If $n\gt1$ then $\sqrt[n]{n!}$ is not an integer (so it is an irrational number). A proof using Bertrand's postulate has been posted. The proof of Bertrand's postulate is somewhat involved. Here is a proof without using Bertrand's postulate.
For a prime number $p,$ the $p$-adic order of a natural number $m,$ denoted by $\nu_p(m),$ is the highest exponent $\nu$ such that $p^\nu$ divides $m;$ the number $m$ is a perfect $k^\text{th}$ power if and only if $\nu_p(m)$ is divisible by $k$ for every prime $p.$ We can show that $n!$ is not a perfect $n^\text{th}$ power (for $n\gt1$) by showing that $\nu_2(n!)$ is not divisible by $n;$ in fact, $0\lt\nu_2(n!)\lt n.$ The lower bound is obvious. For the upper bound, let $m=\lfloor\log_2(n)\rfloor$ and use Legendre's formula: $$\nu_2(n!)=\sum_{k=1}^\infty\left\lfloor\frac n{2^k}\right\rfloor=\sum_{k=1}^m\left\lfloor\frac n{2^k}\right\rfloor\le\sum_{k=1}^m\frac n{2^k}\lt\sum_{k=1}^\infty\frac n{2^k}=n.$$
A much more general (and difficult) result, the Erdős-Selfridge theorem, says that the product of two or more consecutive positive integers is never a perfect $k^\text{th}$ power for any $k\gt1.$
In this answer, it is shown that the number of factors of $p$ that divide $n!$ is $$ \frac{n-\sigma_p(n)}{p-1}\tag{1} $$ where $\sigma_p(n)$ is the sum of the base-$p$ digits of $n$.

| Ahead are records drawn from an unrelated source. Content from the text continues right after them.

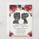 This beautiful wedding invitation features hand painted watercolor floral in burgundy, navy and blush elegantly combined with vintage silhouettes of Elizabeth Bennet and Mr Darcy, two of the most beloved and iconic characters in English literature, from the romantic novel "Pride and Prejudice" written by Jane Austen. Each silhouette bears romantic quotes from the novel, written in whimsical letters. You can personalize the names on the silhouettes with the names of the bride and groom. The background color of the invite is set to white, but feel free to choose a new fill color in order to match it to your wedding theme. Use the text fields to add your details and please click the "Customize Further" button to re-arrange elements if required.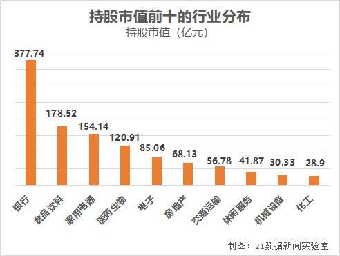 而从持股市值来看,银行占约27.4%的市值权重,其次为食品饮料、家用电器、医药生物等行业。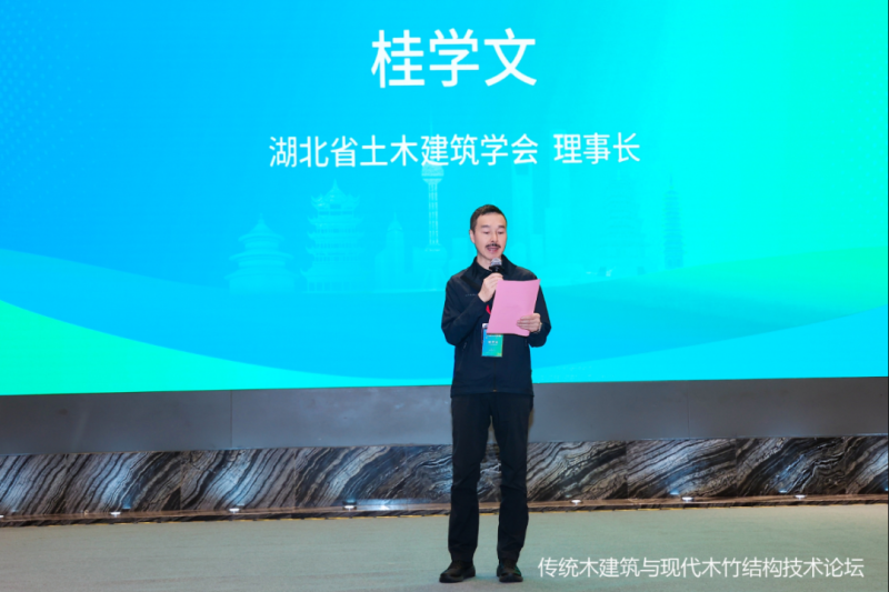 开幕式上,湖北省土木建筑学会理事长桂学文致辞时谈到,从武当山古建筑群的“九宫八观”巧夺天工,到荆州古城“榫卯相生”的千年屹立;从恩施吊脚楼“依山就势”的生态智慧,到汉派民居“雕梁画栋”的匠心独运,湖北的木构文化深深镌刻着“天人合一”的东方哲思。这些遗产不仅是历史的见证,更是现代木竹结构技术创新的灵感源泉。当前,全球建筑业正经历绿色化、工业化、智能化的深刻变革。现代木竹结构以其低碳环保、抗震节能、快速装配的优势,成为可持续发展的重要选择。湖北作为长江经济带核心省份,正积极探索木竹结构技术在城乡更新、文旅融合、乡村振兴等领域的应用,这些探索,既是对传统的致敬,更是对未来的担当。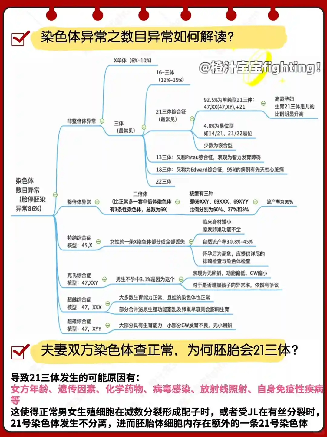 12. 胚胎染色体21三体,父母染色体正常吗?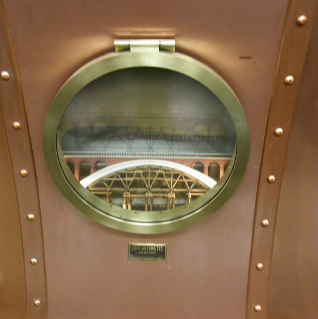 I lingered longest at this porthole because I like bridges. The fact that the designer chose to show the bridge under construction with falsework still in place was a lovely touch. Later I learned that the Pont Antoinette was built in 1883-1884 near Vielmur-sur-Agoût, Tarn (81) in the Midi-Pyrénées region of France. It was the first major project by Paul Séjourné (1851-1939) who was to become one of France’s eminent bridge engineers.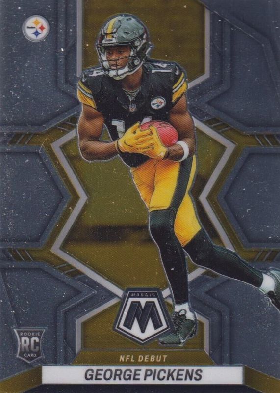 The George Pickens 2022 Mosaic #282 NFL Debut Rookie card in Raw condition has moved down -$0.01 (-0.5%) in the last 30 days and was last sold for $1.00 .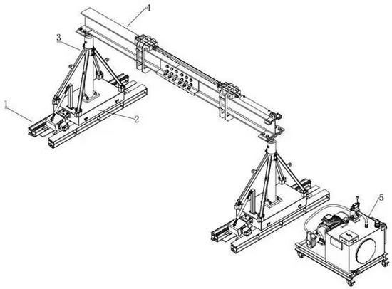 專利摘要顯示,發(fā)明公開一種模塊化組裝式液壓頂升門式起重機,包括:軌道裝置,包括左軌道和右軌道;行走裝置,其數(shù)目為兩個,分別可移動設(shè)于左軌道和右軌道上,包括動力單元和行走車,所述動力單元可置換地連接于所述行走車上,用于驅(qū)動行走車沿著所述軌道裝置移動;支撐裝置,可拆卸設(shè)于所述行走車上;橫梁,可拆卸設(shè)于所述支撐裝置上;其中,所述軌道裝置、行走裝置、支撐裝置和橫梁均為模塊化結(jié)構(gòu),能夠根據(jù)需要進(jìn)行適配性調(diào)整組裝,所述動力單元相對軌道裝置的驅(qū)動摩擦力可調(diào)節(jié)。該起重機能夠在高樓層室內(nèi)及其他空間受限的場景高效便捷地完成人工安裝、吊裝作業(yè)及拆卸轉(zhuǎn)場,且驅(qū)動摩擦力可精準(zhǔn)高效調(diào)節(jié),能夠?qū)崿F(xiàn)高效安全的起吊負(fù)載。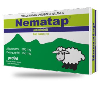 BİLEŞİMİ Her tablette 300 mg albendazole, 150 mg praziquantel bulunur. KULLANIM SAHASI Koyunlarda albendazol - praziquantel kombinasyonuna duyarlı mide-barsak ve akciğer kıl kurtları, şeritler ve karaciğer kelebekleri ile mücadelede kullanılır. Kombinasyonun etkili olduğu parazit türleri; Mide-barsak kıl kurtları: Haemonchus contortus , Ostertagia spp., Trichostrongylus spp., Cooperia spp., Nematodirus spp., Bunostomum spp., Oesophagostomum spp., Akciğer kıl kurtları: Dictyocaulus spp. Şeritler: Moniezia expansa , Moniezia benedeni Karaciğer kelebekleri: Ergin Fasciola hepatica , Dicrocoelium dentriticum KULLANIM ŞEKLİ VE DOZU Oral yolla yutturularak kullanılır. Veteriner hekim tarafından başka şekilde tavsiye edilmediği taktirde, Genel farmakolojik doz: Albendazol için Kılkurtlarına: 7.5 mg / kg c.a Praziquantel için Şeritlere ( Moniezia spp.) 3.75 mg / kg c.a İlkbaharda meraya çıkmadan önce ve sonbaharda meradan döndükten sonra yılda iki uygulama yapılır. Verilecek Tablet Sayısı için Pratik Tablo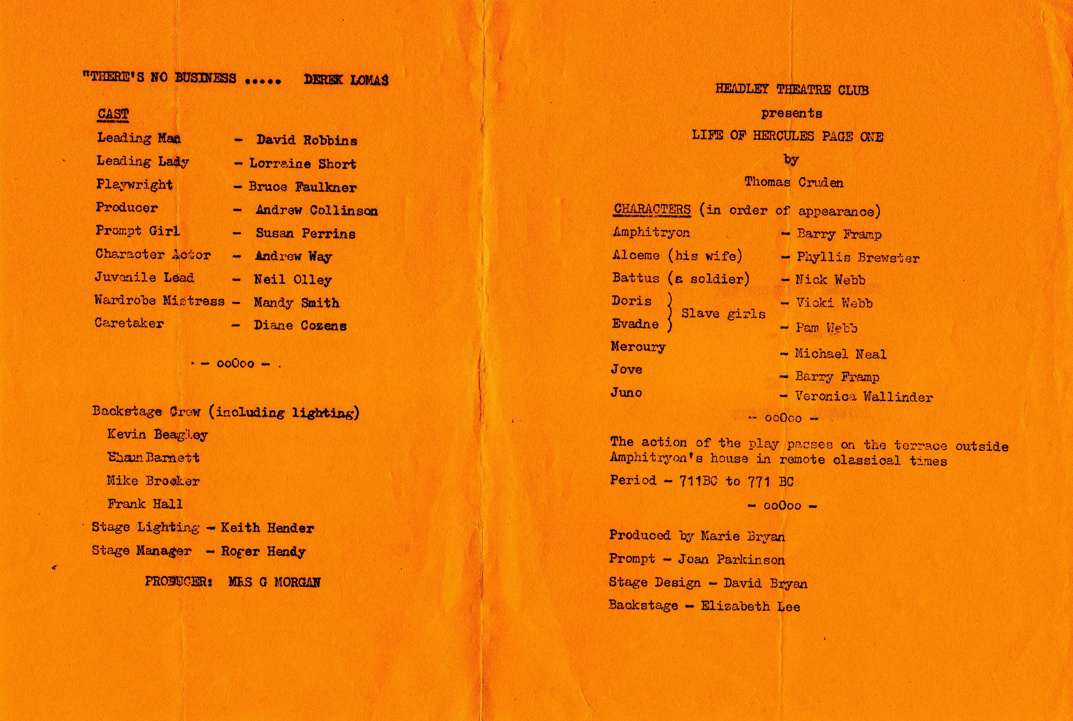 | 1969 | Albert Laddin: mini-panto & Costume Party (director: Dawn Lewcock) - ticket |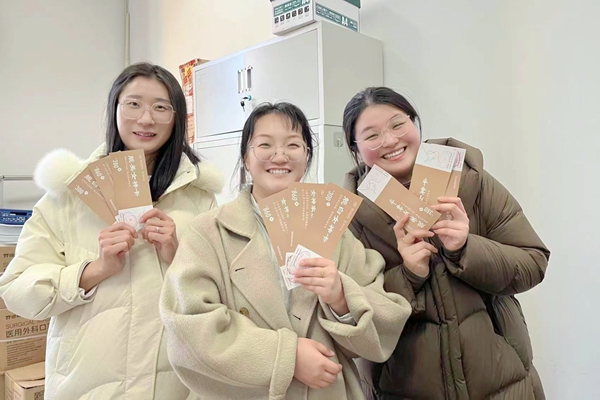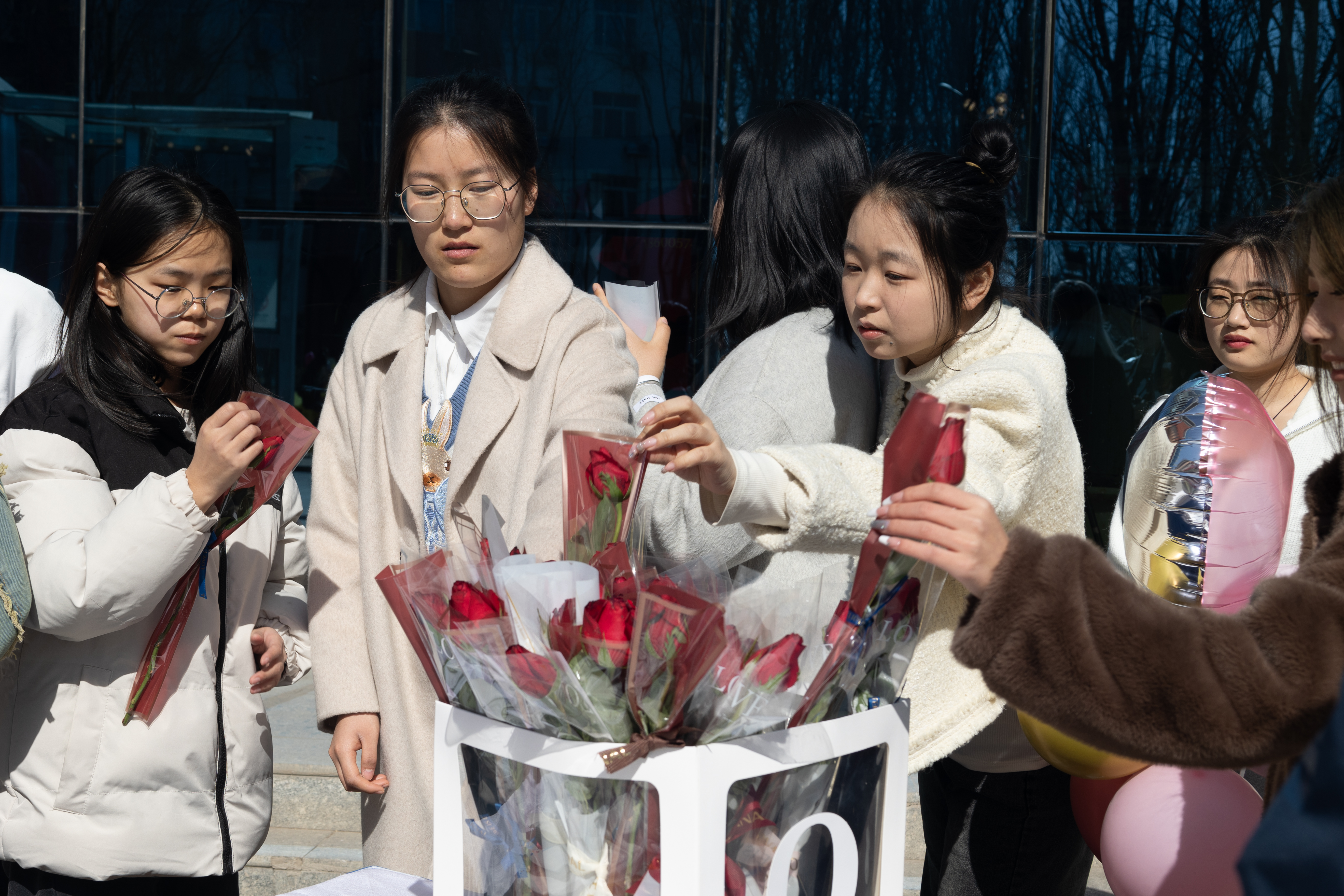 为女性师生送递鲜花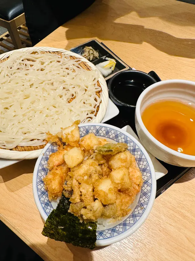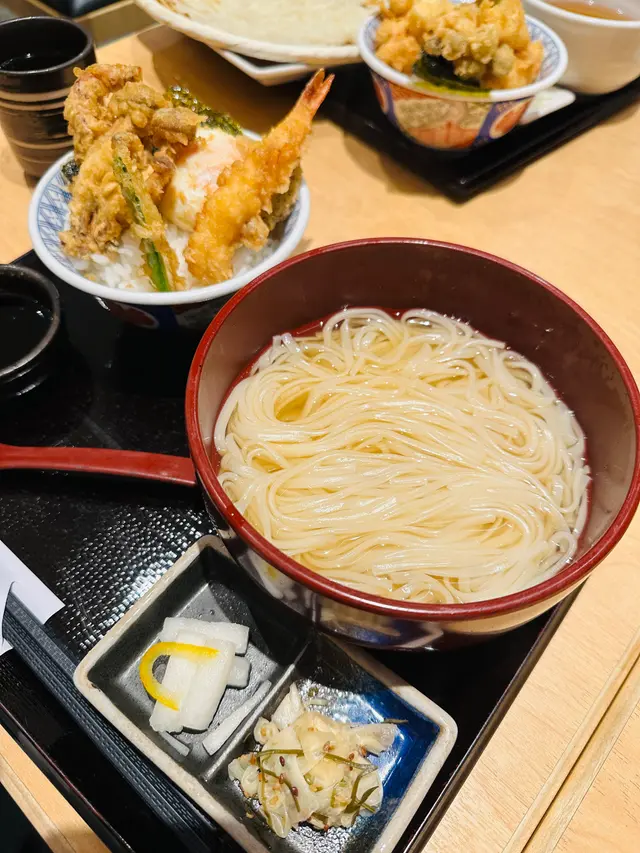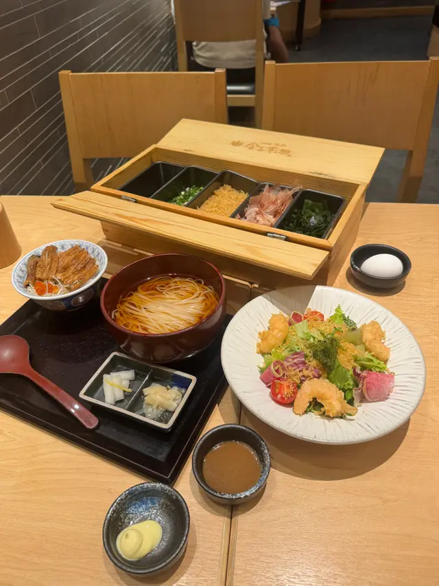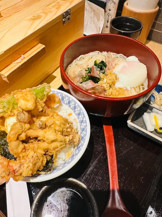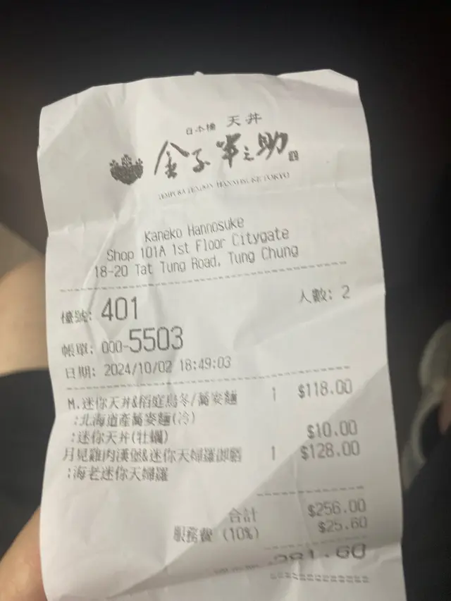 入東涌Outlet行街, 發現原來有間食天婦羅既金子半之助,平時係市區都要等位,難得今次可以直入,即刻去試試。餐廳裝修以木系為主,牆上仲畫左大大棵櫻花樹,猶如置身日本。一入左就比左兩杯黑豆茶~味道濃郁叫左個必食既江戶前天丼,份量十足! 入面既招牌穴子天婦羅長達30cm, 大大大大件好吸引,超厚肉身,肥美軟滑。兩隻海老彈牙爽口,小柱魷魚天婦羅餅入口煙韌,炸前輕輕係面𠝹左格仔花, 可以逐格食,好方便。流心蛋炸得啱啱好、香濃蛋汁同埋海苔及、莢豌豆一齊食,味道豐富。朋友叫左個迷你魷魚&海老天丼, 由於金子半之助採用日本特製高級胡麻油,胡麻油製成的天婦羅芳香撲鼻及色澤會較深,所以整體炸得均勻,唔會好油膩,內裏仲保留咗食物鮮味,值得一讚。仲配多個冷稻庭烏冬,扁身既稻庭烏冬,沾上淡淡昆布凍湯先食,入口特別清爽。另外仲叫碟日式炸雞,果然係天婦羅專門店,雞肉外皮香脆,內裡鮮嫩充滿肉汁,一D都唔會太乾身,有驚喜!仲有個飲品放題,可惜食得太飽,下次有機會再試。…查看更多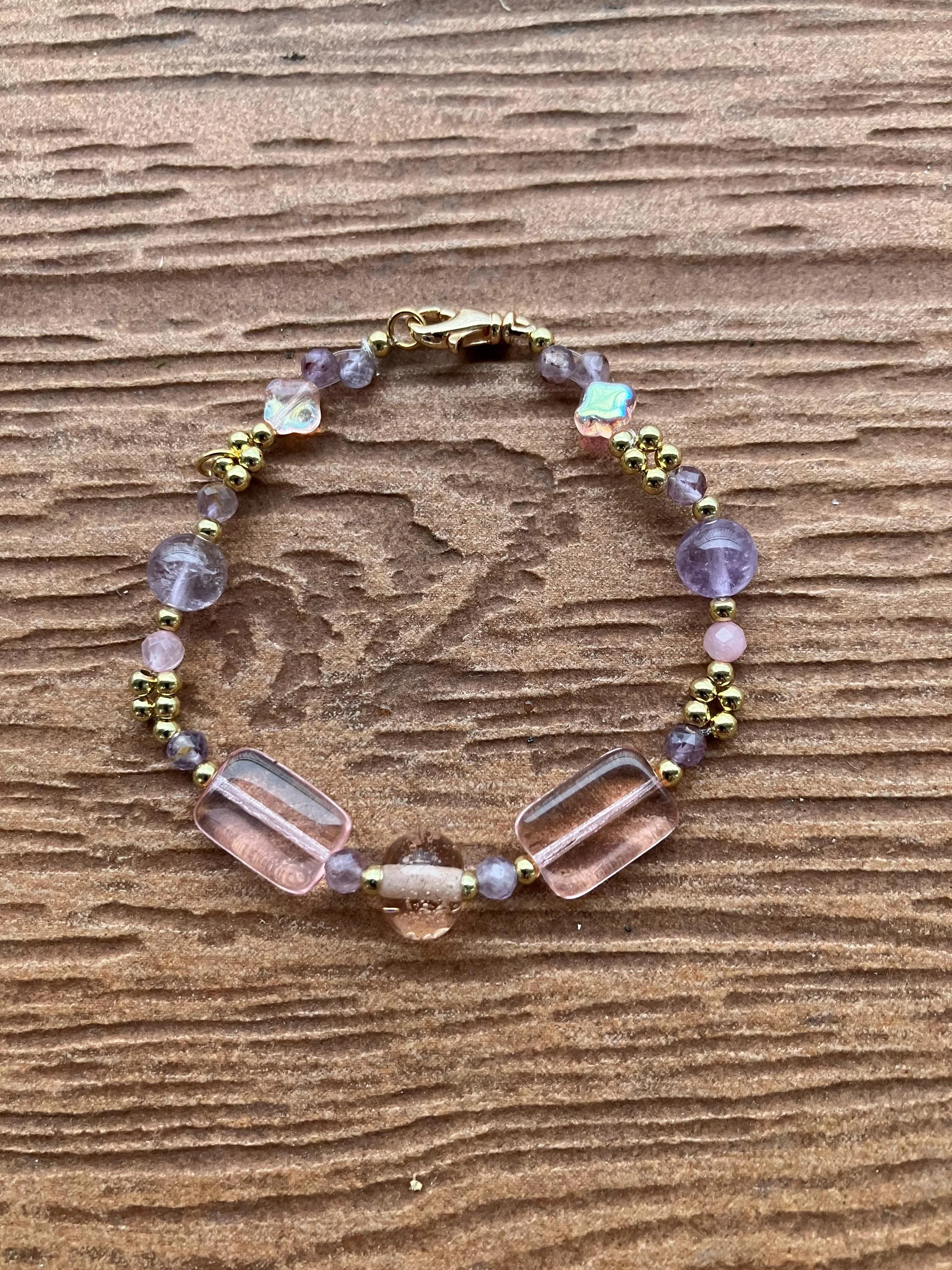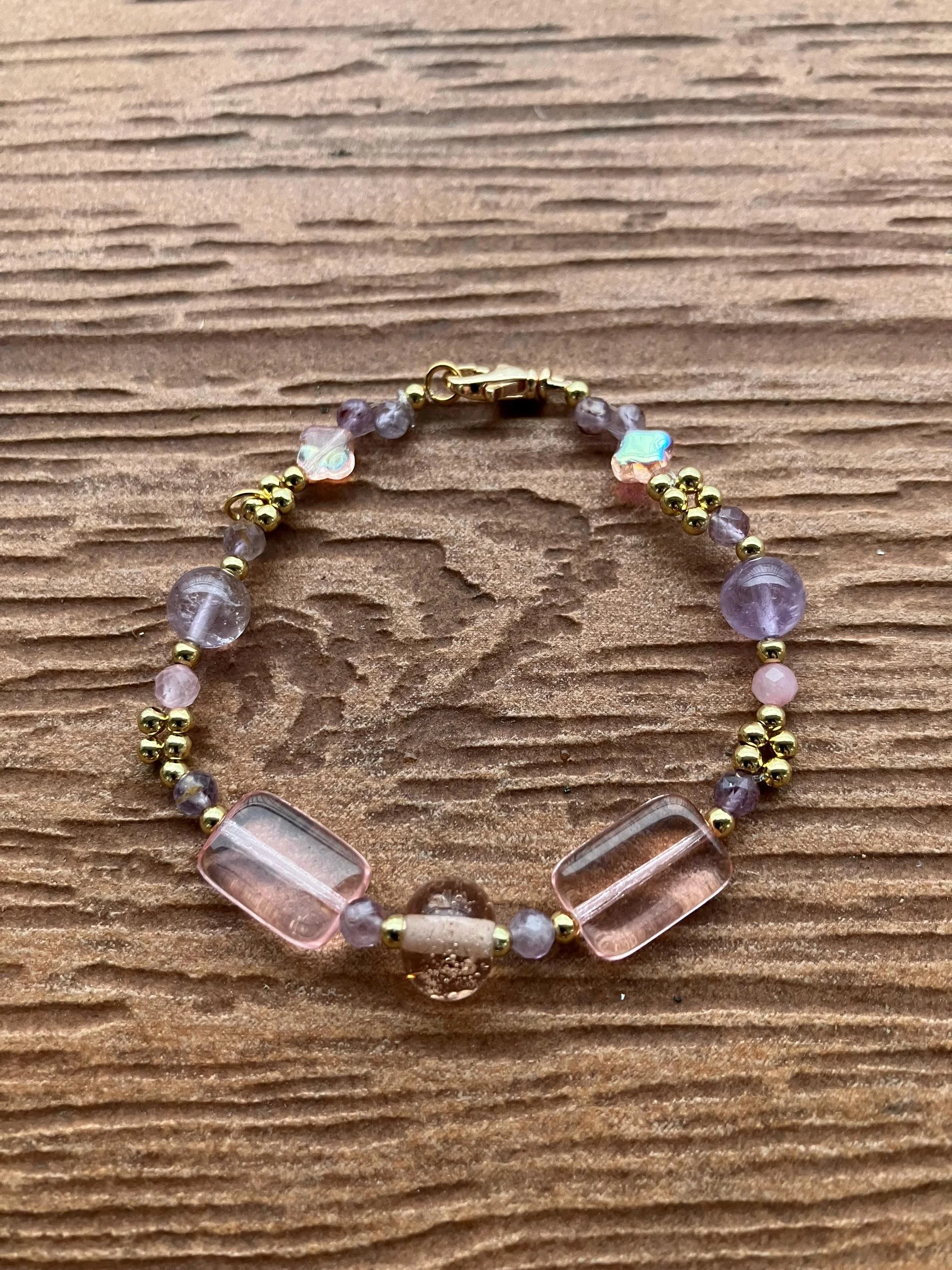 bracelet chic semi précieuse amétrine, cacoxenite, quartz rose, plaqué or, verre filé d art et verre tchèque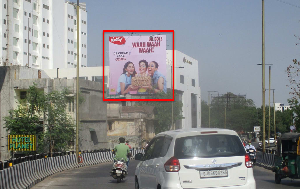 - Owing to slow-moving traffic in Sayajiganj. This gives a lot of time and opportunity to the advertisers to draw commuters’ attention through advertisements on hoardings.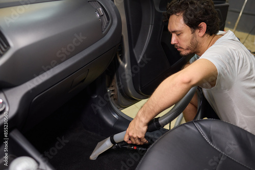 A man is diligently vacuuming the interior of a car with great care and attention to detail

For $n!$ be an $n^{\text{th}}$ power, $(1)$ must be a multiple of $n$ for any prime $p$.
For any $n\ge1$, we have $\sigma_p(n)\ge1$ for any prime $p$. Thus, $(1)$ is less than $n$, and since it must be a multiple of $n$, it must be $0$.
Thus, either $n=0$ or the number of factors of any prime $p$ that divides $n!$ must be $0$. Therefore, we either have $n=0$ or $n=1$.
This is (for $n>2$) never an integer, since you always have a single prime number (meaning with exponent 1) and hence its $n$th root, namely the biggest prime smaller than $n$. Since the product of roots of different prime numbers are never integer, this number will never be an integer (for $n>2$).
EDIT: The comment below by bof points out the flaw in my argument. I am not deleting this answer. This proves a much weaker statement version that instead of "never happening" this shows it cannot happen for two consecutive integers.
Bertrand's postulate is the shortest way to prove this as has been suggested in other answers/comments. Here is an alternative attempt.
Suppose $n!=x^n,$ and $(n+1)!=y^{n+1}$ for integers $x,y$. Then we get by dividing these two equations $$ n+1 =\bigg(\frac yx\bigg) ^n y $$ As LHS is an integer so is the RHS. The only way RHS can be an integer is $y/x$ be an integer (and at least 2). That means $n+1$ is bigger than $2^{n+1}$ (because y is at least 2). But this is absurd, giving the required contradiction.